Disclosure of relationship: The contributors of this report have disclosed that they have no financial interest, relationship, affiliation, or other association with any organization that might represent a conflict of interest. In addition, this report does not contain any discussion of unlabeled use of commercial products or products for investigational use.
Introduction: Multiple systems have been developed that use surveillance of health-care encounters to provide early warning of a terrorist attack. Limited practical experience and the absence of adequate theoretical assessments have precluded determining which alarm-generating algorithms should be preferred. In the absence of practical and theoretical results, choosing a particular statistical algorithm can be difficult. One way to evaluate algorithms is through simulation.
Objectives: This report describes conceptual features of an example simulation based on the dispersal of anthrax spores and presents results based on the example simulation.
Methods: A simulation was implemented based on the dispersal of anthrax spores from a crop-dusting plane. Simulated cases were then included into an observed data stream. Detection approaches included SaTScan and small area regression and testing (SMART) scores. An evaluation metric was developed for comparison of results. In addition, a simulation of a separate data stream was added; and then separate and combined surveillance data were compared.
Results: In the simulation in which a single data stream was used, the two statistical approaches were substantially similar in performance. The combined surveillance based on two data streams is superior to surveillance based on either stream separately.
Conclusion: The other potential uses of such a system are considered. These uses include the comparison of different data sources (e.g., outpatient versus emergency department and evaluating the impact of potential changes to the surveillance system, and increasing the population under surveillance). Simulation is a valuable technique for evaluating and planning for syndromic surveillance.
Since the attacks on the World Trade Centers on September 11, 2001, increasing attention has been paid to early detection of biologic terrorism attacks (1,2). Assuming biologic agents are not detected directly in the environment, the first indicator of a terrorist attack might be persons becoming ill. Surveillance systems designed to detect increased numbers of ill persons, consistent with exposure to these agents, have been developed (3--7). Key to these systems is the technique used to decide whether "too many" ill persons have been observed. However, despite an increasing number of statistical (8,9) and data mining (5) techniques, limited comparative work has been conducted to assess their relative strengths.
Theoretical comparisons are probably not possible in realistic settings, and practical experience is limited by small numbers of attack-like events. Thus, simulation is an important route to evaluation. Unfortunately, most simulations published to date have been too simple for meaningful analysis, except for a previously published analysis of a system generated by an epidemic simulation model (10).
The objective of this report is to present a simulation structure developed in the setting of an outpatient surveillance system (11,12). Simulation is only of cases generated by attacks, as opposed to cases arising both from attacks and natural disease. In contrast to the system generated by the epidemic simulation model (10), the outpatient system is simple in that it can be replicated using data likely to be available in many contexts. Thus, the simulation described in this report can be transferred to another data setting with ease.
Simulations can be used to determine the cost-benefit ratio of the surveillance system, to compare the relative value of different data sources and other features, and to evaluate statistical methods. Thus, it can be used to help determine the value of syndromic surveillance.
Outpatient Surveillance System
Simulation was performed by using a surveillance system that relies on data collected as part of outpatient visits near Boston, Massachusetts (11,12). When insured patients visited a clinic, their health-care provider created an electronic medical record. At the close of the visit, the provider entered International Classification of Diseases, Ninth Revision (ICD-9) (13) codes that described the patient's condition.
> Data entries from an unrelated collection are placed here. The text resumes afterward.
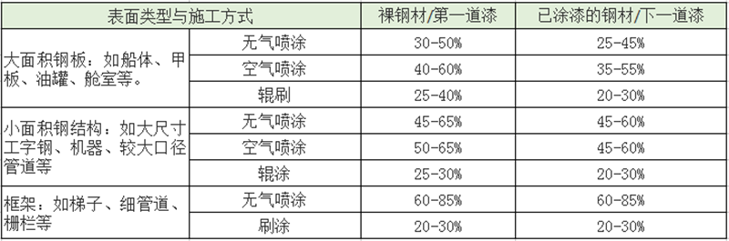 ● 漆膜厚度損耗,由于涂料分布造成的損耗,輥刷通常在5-15%,噴涂通常在15-40%。
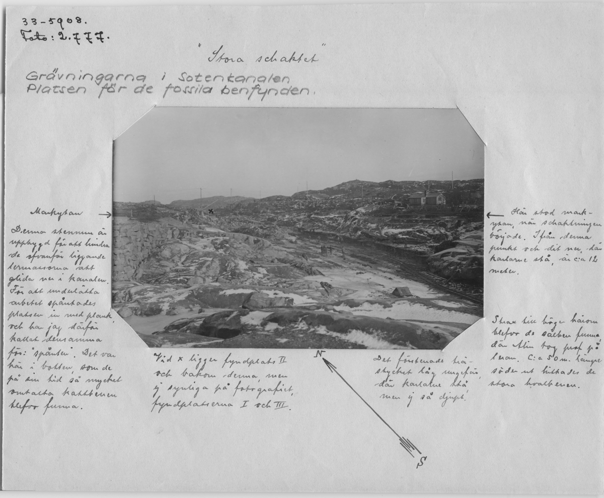'Från grävningarna i Sotenkanalen: platsen för de fossila benfynden. Stora schaktet''. Fyndplats II vid x-markeringen på fotografiet. :: :: Vy över grävplatsen med ca 10 människor stående och 1 litet hus. Mer bildtext på fotografiet. :: :: Serie fotonr 2773-2778, bilderna är monterade på papper som har utförlig text.'
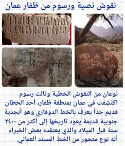 كما سبق ذكره في استثناء احصائيات مكتشفات المسند في عمان لكونها متاخمة للحدود اليمنية وكذلك وجود التواصل الثقافي والتجاري المباشر فعمان ليست في عزلة عن حضارة جنوب الجزيرة في ذلك العصر ومع ذلك فإن أعداد المكتشفات فيها يعتبر قليل جداً لاتصالها بالمصدر مباشرة وانتقال كتابة الخط المسند منذ وقت مبكر لذا فإن ظفار الواقعة جنوب عمان كانت الأكثر تأثراً وارتباطاً حضارياً وسياسياً بممالك الجنوب لدرجة ان بعض الباحثين يرجحون أنها كانت ضمن النفوذ الحميري في فترات معينة، فبذلك قد توطد الجسر الثقافي الممتد بينهما، ومن الملامح الثقافية المشتركة هي كثرة وجود الخط المسند في ظفار وهي أكثر المناطق العمانية تأثراً وأكثرها استعمالاً لخطوط المسند حيث عُثِر على أغلب النقوش المسندية الصخرية فيها وكان أغلبها عبارات قصيرة احتوت على أسماء أشخاص وقبائل وإشارات دينية وتجارية.
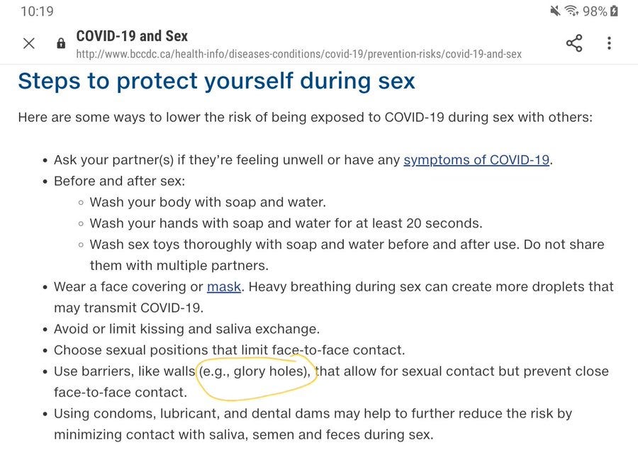 During the COVID pandemic, Canadian public health officials suggested people protect themselves by using glory holes:
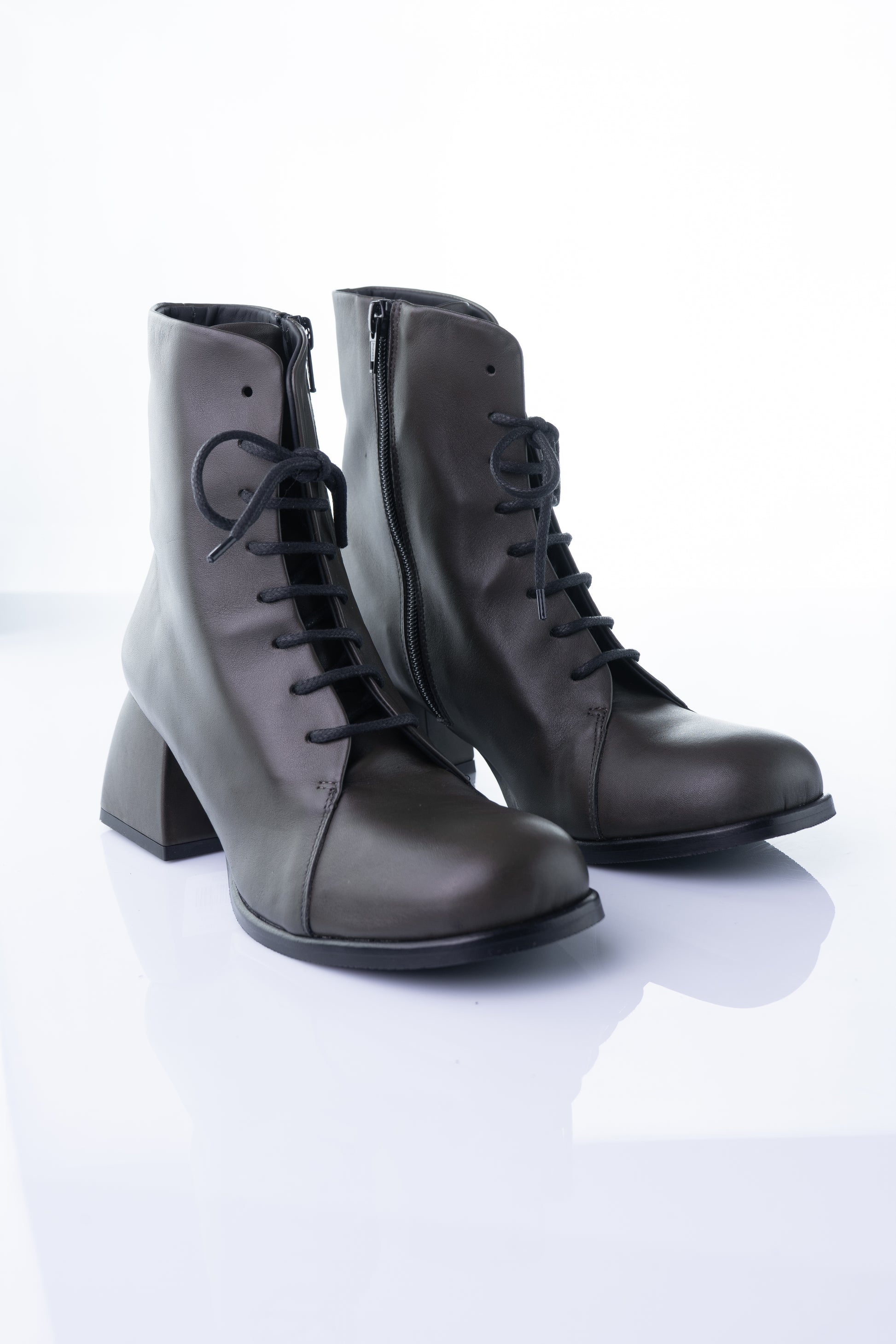 The Ducanero A.3125 is a refined black lace-up boot crafted from premium vitello leather. Its softened square toe, structured mid-height heel, and smooth minimal finish create a modern, sculptural silhouette. Designed for comfort and stability, the leather–rubber sole combination ensures durability and everyday practicality while maintaining a clean, elevated look.

Each outpatient visit was classified into broad groups or syndromes of ICD-9 codes (e.g., lower gastrointestinal or neurologic symptoms). The intended effect of these groupings is that a patient's condition will likely be classified as a given syndrome, despite variability in coding practices among providers. Next, a census location and ZIP code, based on the patient's health maintenance organization record, were attached to the encounter. Finally, for privacy reasons, patient identities were removed and only the number of patients in each geographic region (e.g., census tract or ZIP code) was recorded. The count of each syndrome in each region was used for analysis.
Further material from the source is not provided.